Against the Odds
With the FMA's support, four determined medical students got a
needle-exchange bill near the finish line – and their work isn't done.
By Erika D. Peterman
During his public health research, University of Miami
Miller College of Medicine student Hansel Tookes had
seen countless discarded dirty needles and syringes on
Miami's streets – silent evidence of the city's thousands
of injection-drug users. But perhaps the most jarring
moment was when he almost stepped on a needle that
was covered in blood and sitting straight up.

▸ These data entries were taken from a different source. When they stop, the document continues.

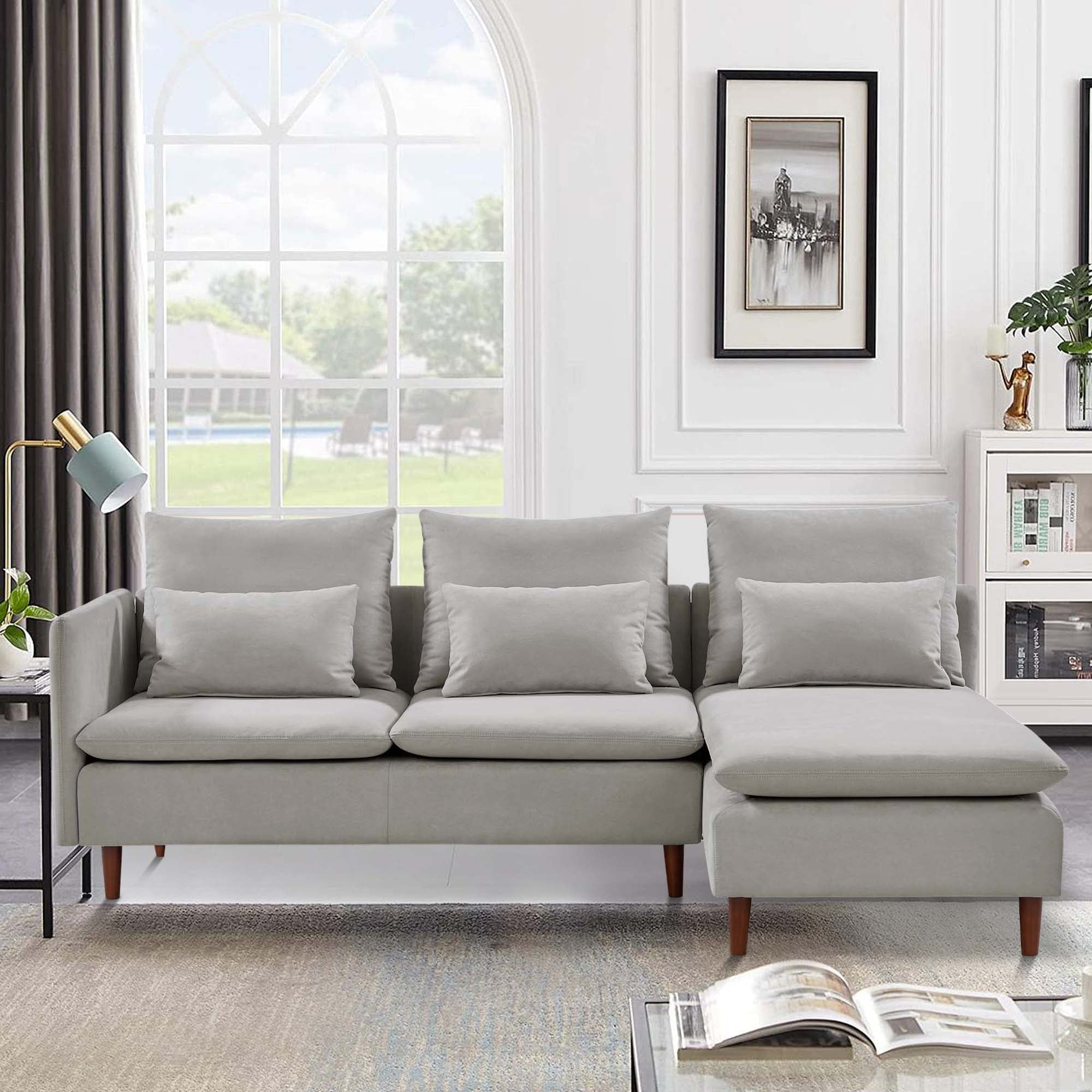 Aukfa Sectional Couch, 92″ L shape Couch for Living Room, Solid Wood Legs, Suede, Gray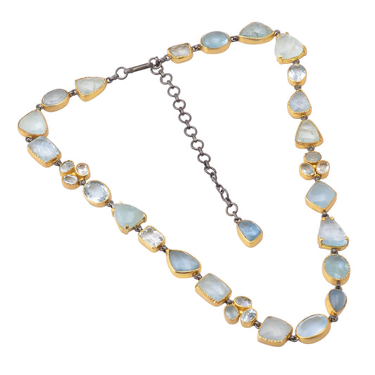 Indian Handmade Silver Gold Black Plated Aquamarine Necklace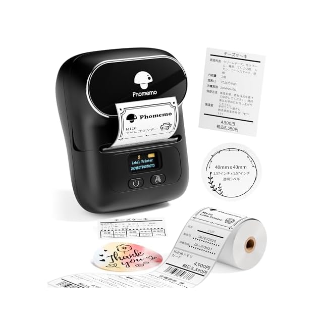 Phomemoのラベルプリンター「M110」は、スマホやタブレット、PCから接続して印刷できる多機能サーマルプリンターです。郵便宛名、値札、食品表示、梱包、アドレス、ラッピング、DIYラベル、作業、冷蔵庫収納、FBAラベル、配送ラベル、整理収納、名前ラベル、葉書等を印刷できます。生活と仕事に役に立ちます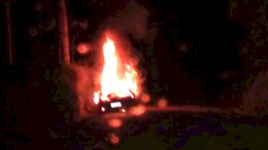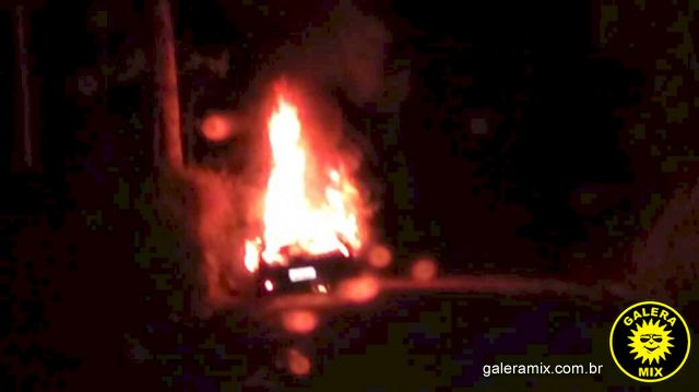 Durante a noite desta sexta-feira (18), um automóvel de passeio foi completamente destruído após pegar fogo.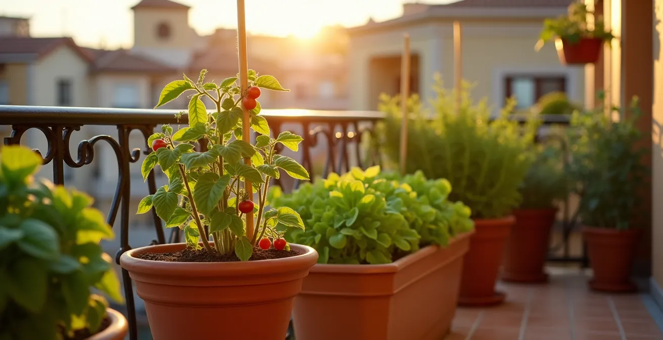 La idea de cosechar sus propios tomates jugosos y lechugas crujientes en un pequeño balcón de ciudad seduce a muchos urbanitas. Sin embargo, la realidad a menudo se traduce en plantas raquíticas y una cosecha decepcionante. El error más común que observo como ingeniero agrónomo no es la falta de dedicación, sino la aplicación de consejos de jardinería genéricos a un entorno que exige precisión técnica. Se suele hablar de «macetas grandes» y «riego abundante», pero rara vez se cuantifica qué significa «grande» para una tomatera o cómo ese «riego abundante» impacta el peso total que soporta la estructura de su edificio.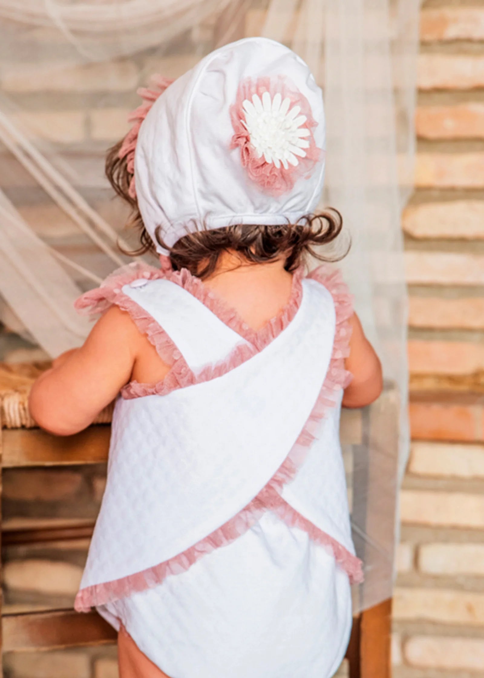 tallas 9 y 12 meses incluye capota, disponible en rosa y verde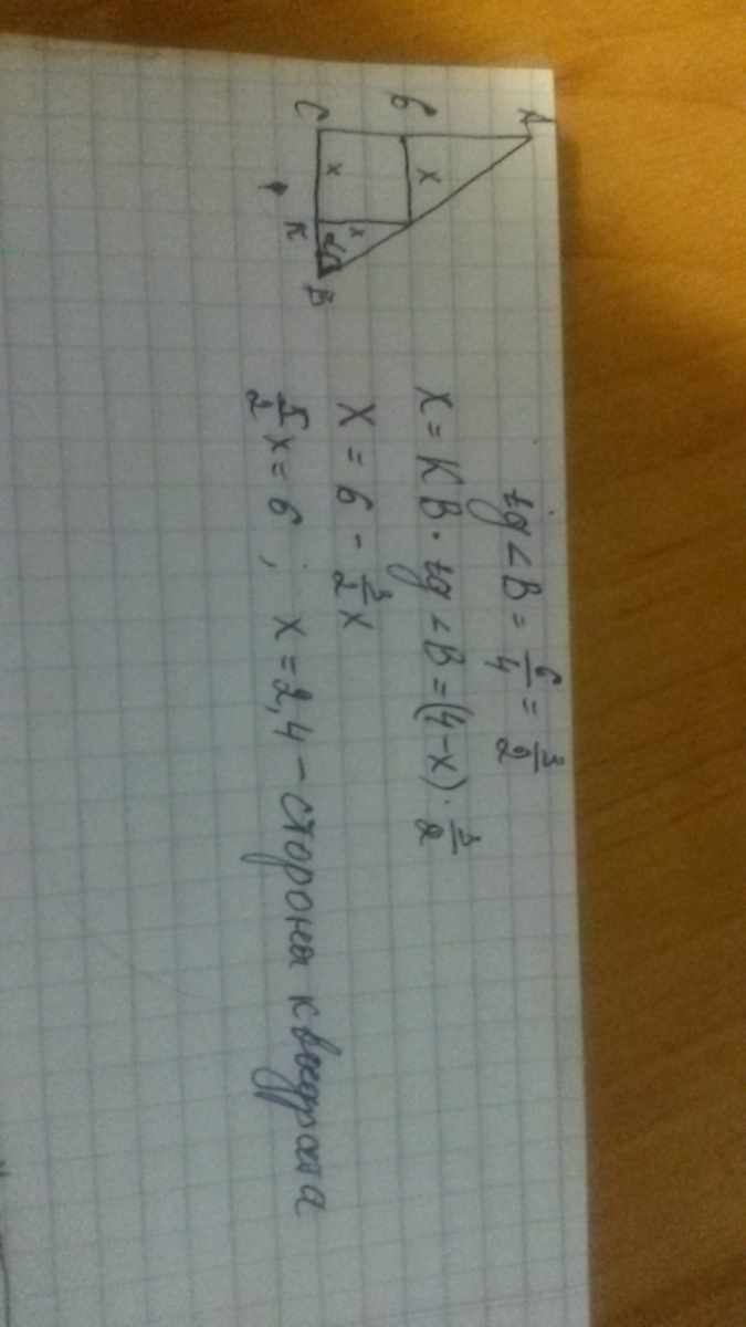 квадрат имеет с прямоугольным треугольником , катеты которого равны 6 и 4, общий угол. и одна из вершин квадрата лежит на гипотенузе. сторона квадрата равна???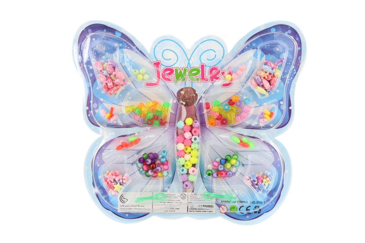 Tato kreativní sada barevných plastových korálků nabízí zábavu pro malé i velké tvůrce. V balení najdete korálky různých tvarů a velikostí a dvě šňůrky k navlékání – ideální pro výrobu originálních náramků a náhrdelníků. Balení ve tvaru motýlka je praktické a lákavé pro děti od 3 let. Různé tvary a barvy, 2 šňůrky v balení, rozvoj jemné motoriky a kreativity.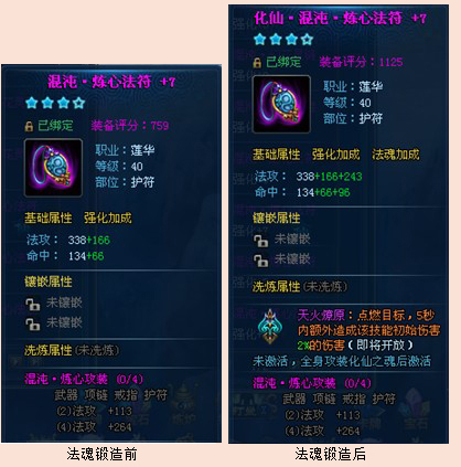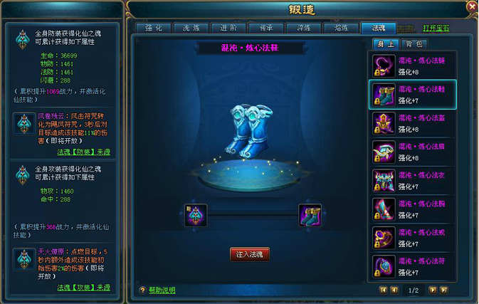 2、全身防装或攻装都注入法魂后,可激活法魂技能效果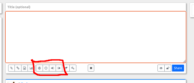 3. The next two buttons display any time geographic location is available in the post. They are "enter" and "leave" icons and are used here to to turn the current post into a "checkin" (Arrive) network activity or a "checkout" (Leave) activity. When either of these options are selected, the icon will change colour to indicate that the post is now a checkin/checkout activity and a map will be inserted into the post. You may add additional text or basically any content. Use the preview ("eye" icon) button to view the results without publishing or click 'Share' to share the post. Clicking one of these buttons a second time undoes the action and turns it back into a normal post.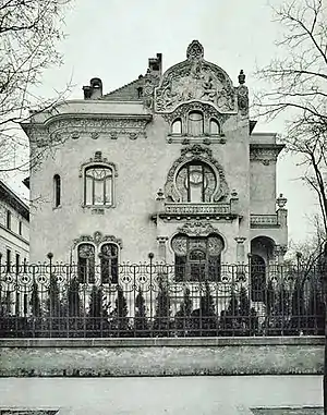 Kőrössy split from Sebestyén in 1899 and built his own house at Városligeti fasor 47 in Budapest, which was heavily influenced by Belgian, French and German Art Nouveau/Jugendstil. Having become proficient in the vocabulary of the style just when it was reaching its apogee elsewhere in Europe, he became a much-sought after designer in Hungary, helping to develop the Szecesszió into a kind of national style alongside many other architects, chief among them Ödön Lechner, who was nearly 25 years his senior. He was known for many residential commissions in Budapest, amongst them the Walko House at Aulich utca 3 (1901); the Sonnenberg twin apartment houses at Alkotás utca 5-7 (1904–05); the Gonda House at Práter utca 9 (1904–05); and the Sonnenberg House at Munkácsy Mihály utca 23 (1904). The latter was a few steps away from the grammar school at Munkácsy Mihály utca 26, now the Kölcsey Ferenc High School (1906–09), one of several schools that Kőrössy designed. Others included the Roman Catholic grammar school (now Unirea Liceum) in Marosvásárhely (now Târgu Mureş, Romania; 1903), and the Royal Hungarian State High School in Budapest, often called the Tündérpalota (Fairy Palace; 1909–11), now the National Pedagogical Library and Museum. In this building one can see the influence of Károly Kós and the Szecesszió architects interested in folk and vernacular themes and handcraft.[8]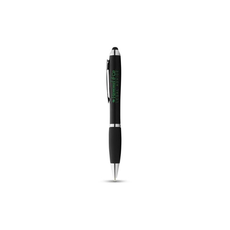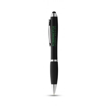 Kuličkové pero s černým úchopem a stylusem, náplň černá, černá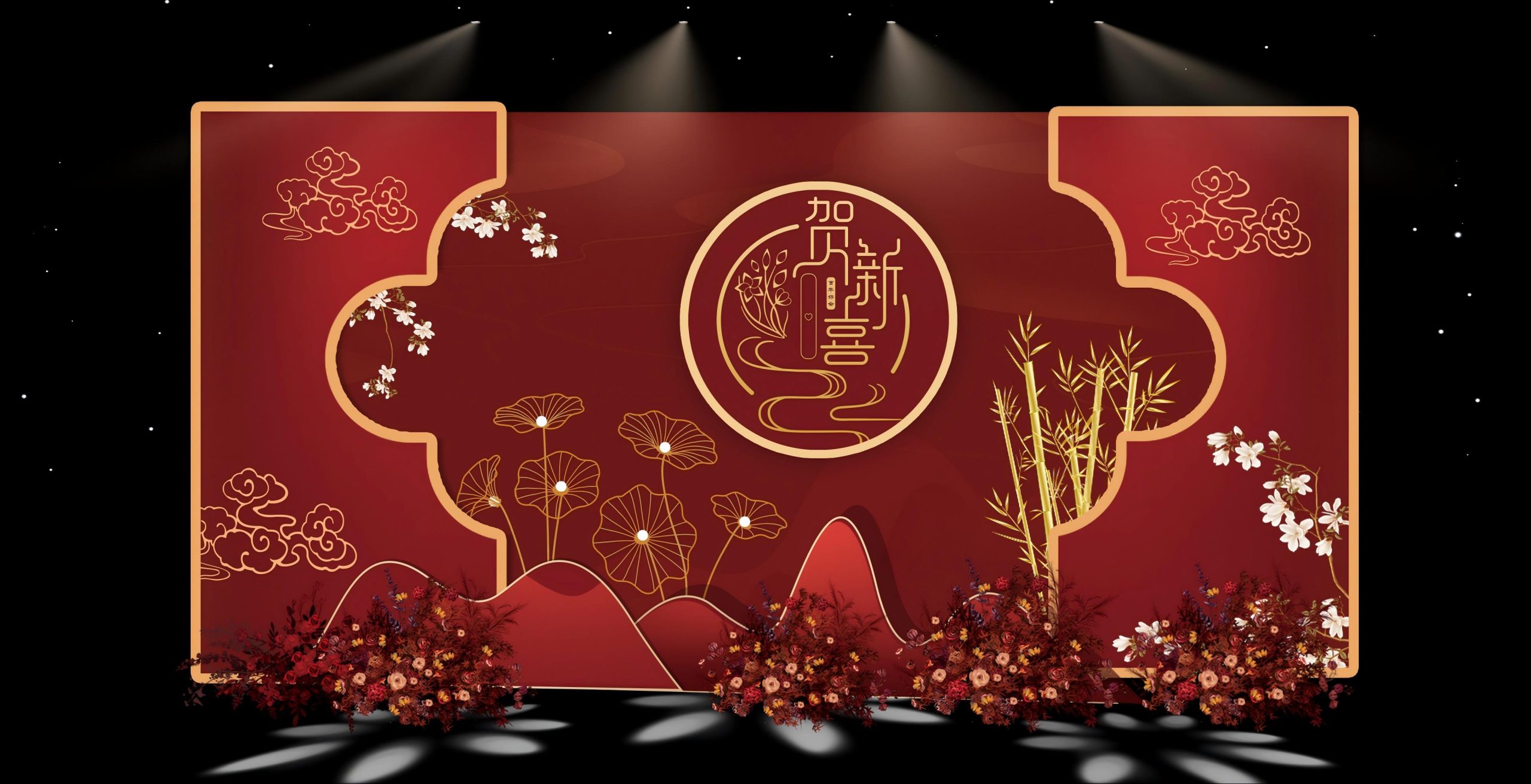 当传统红遇上奢华金,一场中式浪漫的盛宴就此展开。龙凤呈祥的金色纹样,在红底的衬托下愈发灵动,仿佛要从装饰板上腾飞而出,诉说着古老的吉祥寓意。“囍” 字醒目又喜庆,是对新人美好姻缘的最直接祝福。

Miles away in Florida's capital, Tookes and his fellow
FMA Medical Student Section (MSS) members, Chanelle
Diaz, Dyani Loo and Marek Hirsch, were fighting for
legislation to prevent people from becoming victims of
such incidents. During the 2013 Florida legislative
session, the four were the biggest advocates for SB 808,
an FMA-supported bill that sought to establish a pilot
program in Miami-Dade County allowing injection-drug
users to exchange dirty needles and syringes for clean
ones. Though the bill didn't pass the Legislature, its
progress to the Senate floor is a remarkable case study
that shows the power of getting involved.
'Without the FMA, there's no way we
would have gone as far as we did.'
Early on, a legislative aide told Tookes that SB 808 wouldn't survive its first committee stop in the
House.
"Starting out, we never knew how far it would get," said Tookes, a fourth-year student whose research
inspired the legislation. "Coming up and seeing that our research and our advocacy could actually
effect change on a statewide level or, in this case, the city of Miami, was an amazing feeling."
The movement to create a needle-exchange program is far from over. With some political wind at their
backs, advocates for SB 808 are already preparing to revive the measure and get it passed next year.